ジョージア EU非公式会合に招待されず 候補国不参加の背景に注目
EU政策協議から外れたジョージアの現状
欧州連合(EU)加盟国外相による非公式会合「ギムニヒ会合」が5月7-8日にワルシャワで開催されましたが、2023年にEU加盟候補国となったジョージア(グルジア)は招待を受けませんでした。安全保障や戦略課題を議論するこの会合には通常、候補国が参加しますが、EU当局はジョージア政府の政策転換を不参加の理由としています。
EU側の見解
EU代表部のマルタ・コシ副委員長はSNSで「平和と自由を守るためEUと候補国は協働すべきだ」と述べましたが、ジョージアの暫定不在を暗示しました。在ジョージアEU大使パヴェル・ヘルチンスキー(Pavel Herchynski)は、同国が候補国資格取得後「民主化プロセスが後退し、むしろEU離れが加速している」と厳しく指摘。「法改正や政策決定がEU加盟を遠ざけている」との見解を示しました。
政府与党の反発と「二重基準」批判
与党「ジョージアの夢(Georgian Dream)」のイラクリ・コバヒゼ(Irakli Kobakhidze)首相は「EUが不公平な対応をしている」と反論。欧州官僚が「ディープ・ステート(国家の裏で影響力を持つとされる勢力)の指示で行動している」と発言し、国際社会の批判を牽制しました。
人物を巡る対立
議会議長シャルヴァ・パプアシヴィリ(Shalva Papuashvili)はポーランド政府を「ミヘイル・サアカシュヴィリ(Mikheil Saakashvili)元大統領寄りの姿勢」と非難。EU加盟候補国としての手続きより「個人的な関係を優先している」と批判しました。外務大臣マカ・ボチョリシヴィリ(Maia Bitсhritсhvili)は「EU加盟が国民の選択であり、現政権がその意思を体現している」と主張しています。
民主化後退に懸念
ドイツのペーター・フィッシャー(Peter Fischer)大使は「EUが2023年6月にジョージア政府との高官協議を停止した事実」を指摘。政権が「表現の自由や司法独立を脅かす政策」を推進している現状を懸念材料として挙げました。
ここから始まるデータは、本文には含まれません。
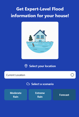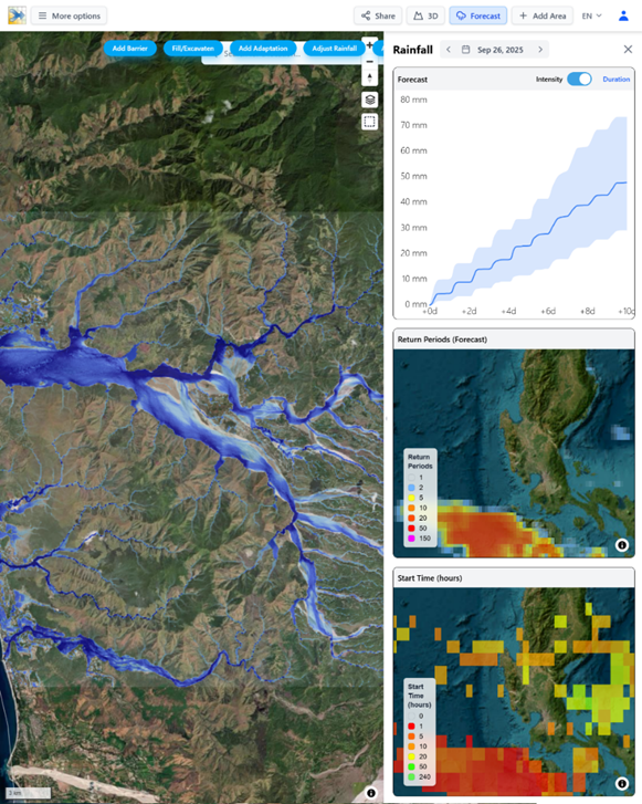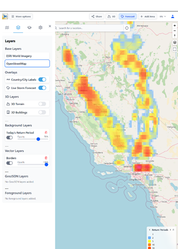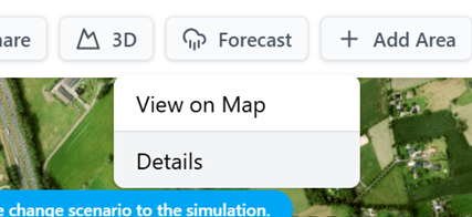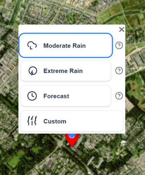 using the forecast button at the top-right of the screen. You might find another area to simulate if there is no precipitation expected for your location of choice. Just click anywhere on the map and select "Moderate", "Extreme" or "Forecast" for a quick view of the respective scenario.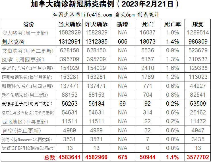 【加国生活网编译报道】截至2023年2月21日下午6点,加拿大新冠确诊病例总数为4583641(新增675),死亡50944新增10),魁省确诊总数1312991(新增606,死亡新增10);爱德华王子岛确诊总数56253(一周新增69)。虽然新冠疫情最严重时期似乎已经过去,但医院现在正在处理新冠病毒感染的后遗症,因为越来越多的研究表明病毒与心脏相关问题之间存在联系,尤其是在年轻人中。心脏病专家认为新冠病毒确实会通过多种机制影响心脏,那中医理论如何解释?加国生活网专门制作了如下统计数据表: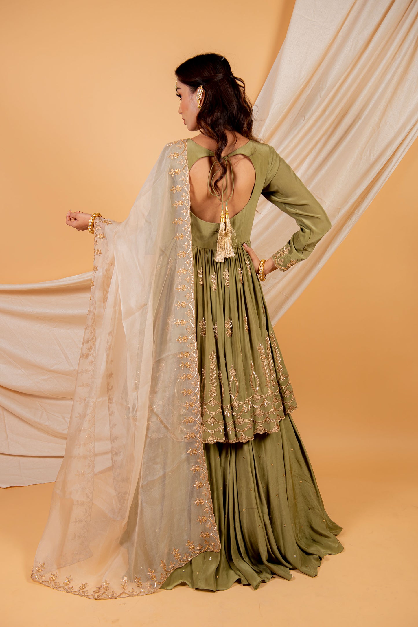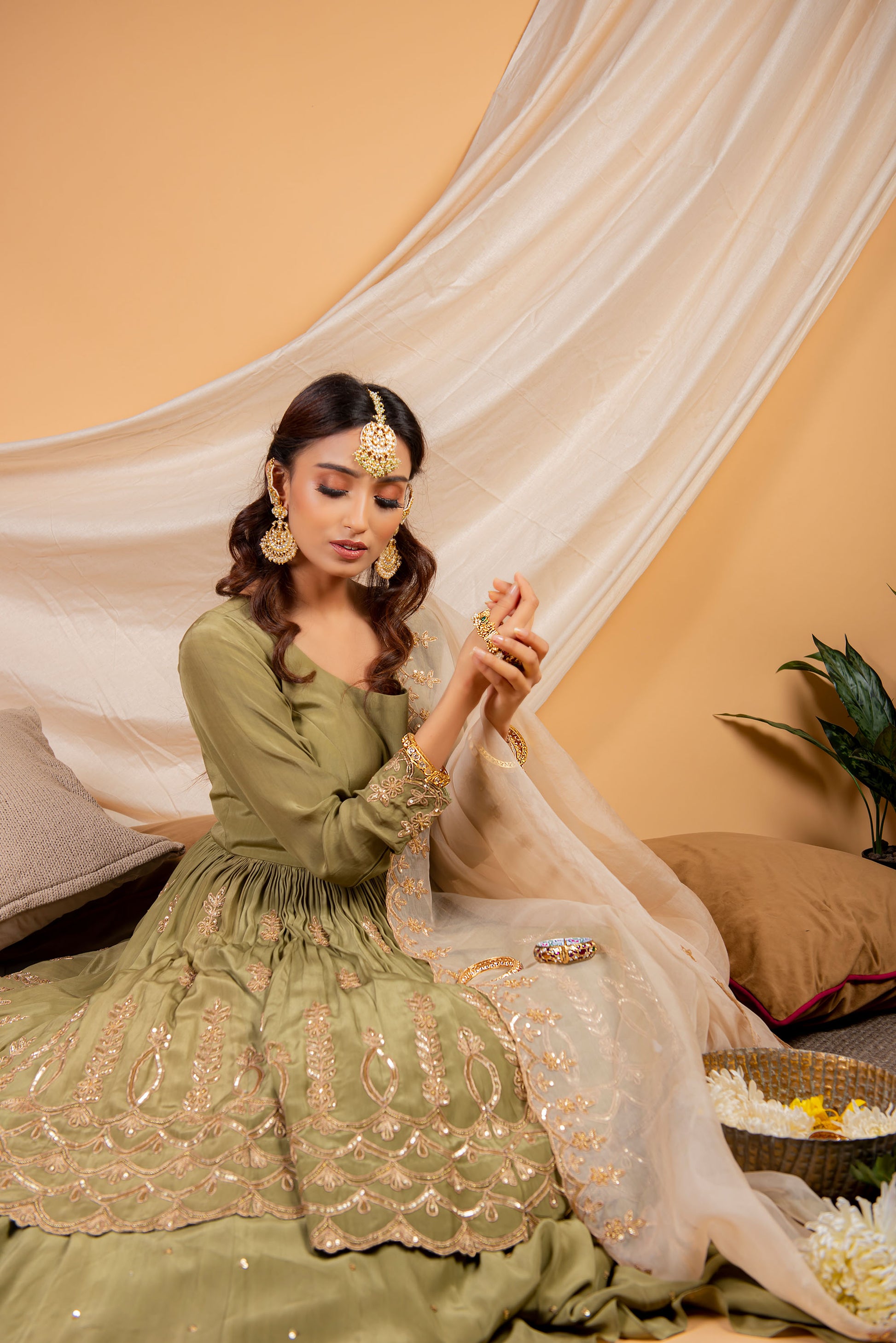 Mint Green Floral Embroidered Kurta Lehenga Set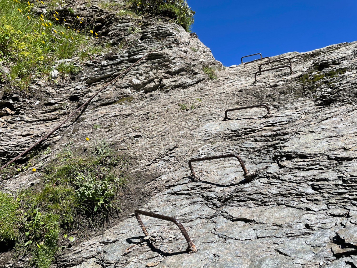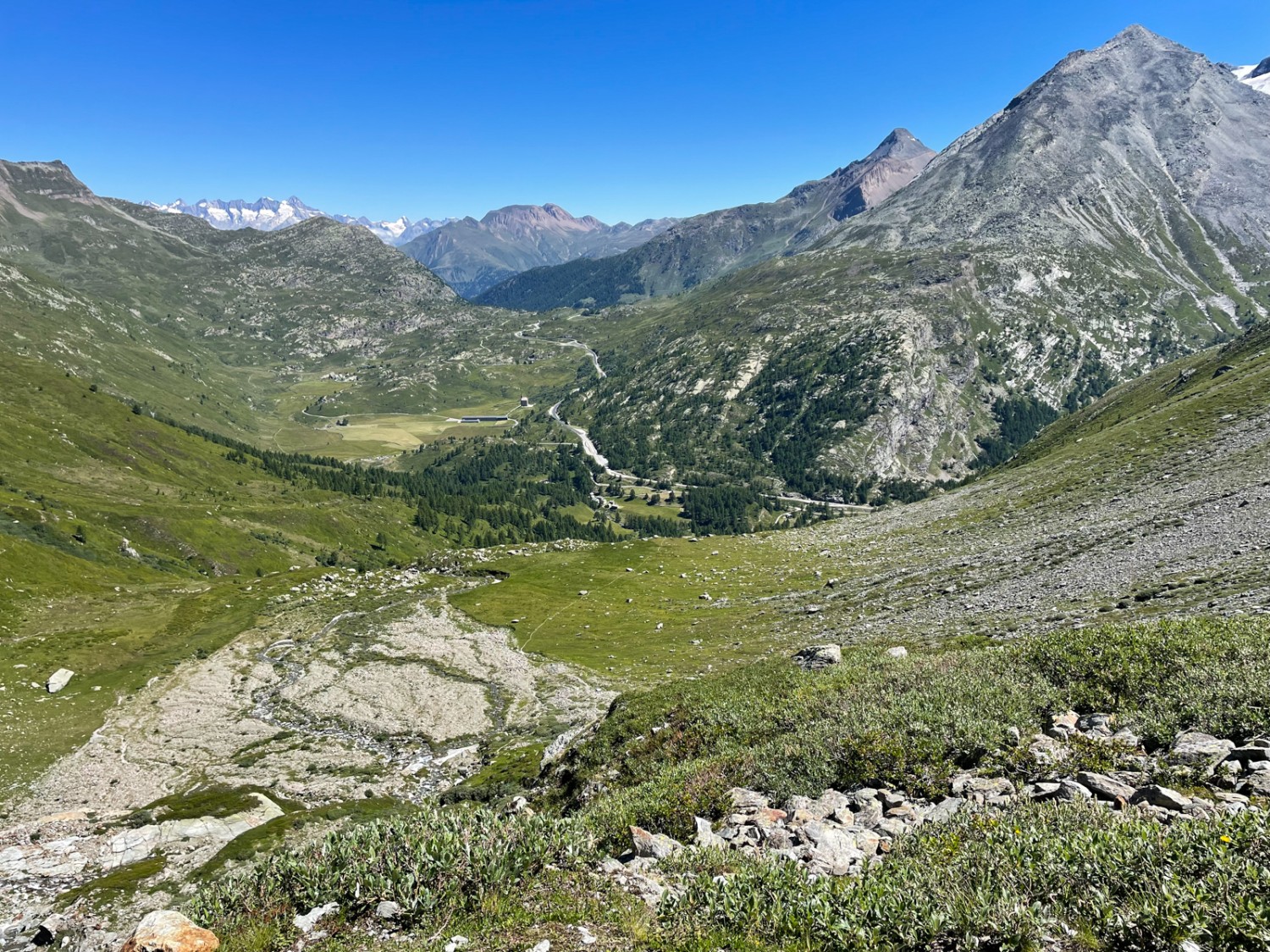 Immer etwa auf gleicher Höhe und mit prächtiger Sicht auf die Walliser Alpen geht es an der Südflanke des Hübschhorns entlang in Richtung Homatta, einer kleinen Alp hoch über der Passstrasse. Der schmale Weg führt durch lichte Lärchenwälder und dichten Wachholder, bis er in eine Schotterpiste mündet, die offenbar einst für den Bau von Lawinenschutzwällen angelegt worden ist. Bei Homatta zeigt der Wegweiser in Richtung Hobielestafel, von wo aus es steil hinunter nach Simplon Dorf geht. Wer allerdings die uralten Lärchen im Hittuwald bestaunen möchte, nimmt auf halber Höhe nicht den direkten Weg ins Dorf, sondern folgt dem Panoramaweg und nach drei Serpentinen der Suone Chrummbacheri bis zur Passstrasse. Von hier ist es nur noch ein kurzes Stück auf Asphalt bis in Dorfzentrum.
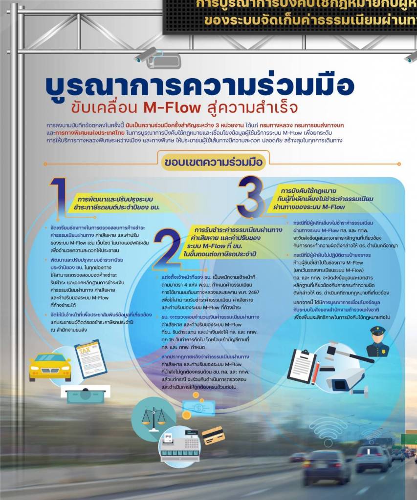 สำหรับการลงนามบันทึกข้อตกลงในครั้งนี้ นับเป็นความร่วมมือครั้งสำคัญระหว่าง กรมทางหลวง กรมการขนส่งทางบก การทางพิเศษแห่งประเทศไทย ในการบูรณาการบังคับใช้กฎหมาย และเชื่อมโยงข้อมูลผู้ใช้บริการระบบ M-Flow โดยมีขอบเขตการดำเนินงานร่วมกัน ได้แก่ การพัฒนา และปรับปรุงระบบชำระภาษีรถยนต์ประจำปีของกรมการขนส่งทางบก โดยการจัดเตรียมช่องทางในการตรวจสอบยอดค้างชำระค่าธรรมเนียมผ่านทาง ค่าเสียหาย และค่าปรับของระบบ M-Flow เพื่ออำนวยความสะดวกให้ประชาชน และปรับปรุงโปรแกรมชำระภาษีของกรมการขนส่งทางบกเพื่อให้สามารถชำระค่าธรรมเนียมผ่านทาง ค่าเสียหาย และค่าปรับของระบบ M-Flow ที่ค้างชำระได้ การรับชำระค่าธรรมเนียมผ่านทาง ค่าเสียหาย และค่าปรับของระบบ M-Flow ที่กรมการขนส่งทางบกในขั้นตอนการต่อภาษีรถประจำปี แต่งตั้งเจ้าหน้าที่ของกรมการขนส่งทางบกเป็นพนักงานเจ้าหน้าที่ตามมาตรา 4 แห่ง พ.ร.บ. กำหนดค่าธรรมเนียมการใช้ยานยนต์บนทางหลวง และสะพาน พ.ศ. 2497 เพื่อให้สามารถรับชำระค่าธรรมเนียม ค่าเสียหาย และค่าปรับของระบบ M-Flow ที่ค้างชำระ โดยกรมการขนส่งทางบก จะเป็นผู้เก็บรักษา และนำส่งเงินค่าธรรมเนียมผ่านทาง ค่าเสียหาย และค่าปรับของระบบ M-Flow ให้กับกรมทางหลวง และการทางพิเศษแห่งประเทศไทย การบังคับใช้กฎหมาย กับผู้ที่หลีกเลี่ยงไปชำระค่าธรรมเนียมผ่านทางของระบบ M-Flow โดยหากมีผู้หลีกเลี่ยงไม่ชำระค่าธรรมเนียมผ่านทาง หรือผู้ที่ไม่เป็นสมาชิกแล้วฝ่าฝืนขับรถเข้าไปในช่องทาง M-Flow กรมทางหลวง และการทางพิเศษแห่งประเทศไทย จะจัดส่งข้อมูล และเอกสารหลักฐานที่เกี่ยวกับการกระทำผิดให้เจ้าหน้าที่ตำรวจ เพื่อดำเนินการตามขั้นตอนที่กำหนดในกฎหมายต่อไป
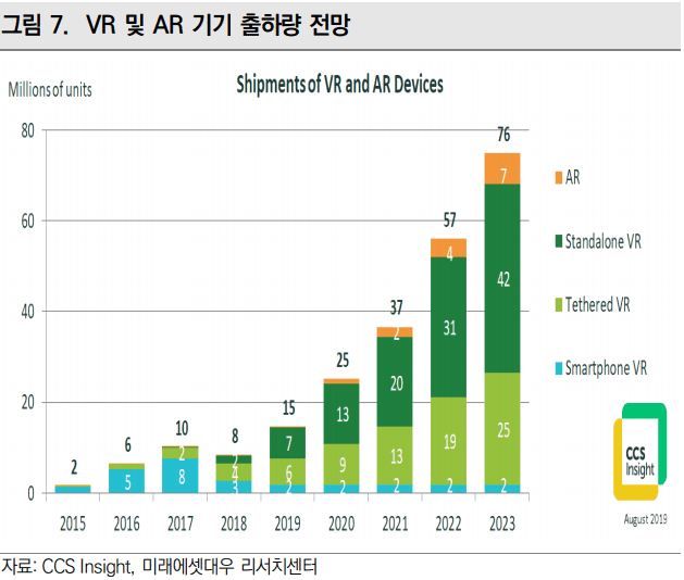 2. VR 및 AR 기기 출하량은 2021년 3700만 대에서 2023년에는 약 2배인 7600만 대까지 판매 예상

欧州評議会や人権団体からも、メディア規制強化や反政府デモ弾圧に関する懸念が相次いでいます。
ジョージア政府とEUの溝が深まる中、2024年10月の総選挙を前に欧州統合を巡る国内論争が激化しています。日本との関係では、黒海経済協力機構(BSEC)を通じた協力や、2023年の二国間貿易額が前年比18%増加(72億円相当)するなど経済面での結びつきが注目されます。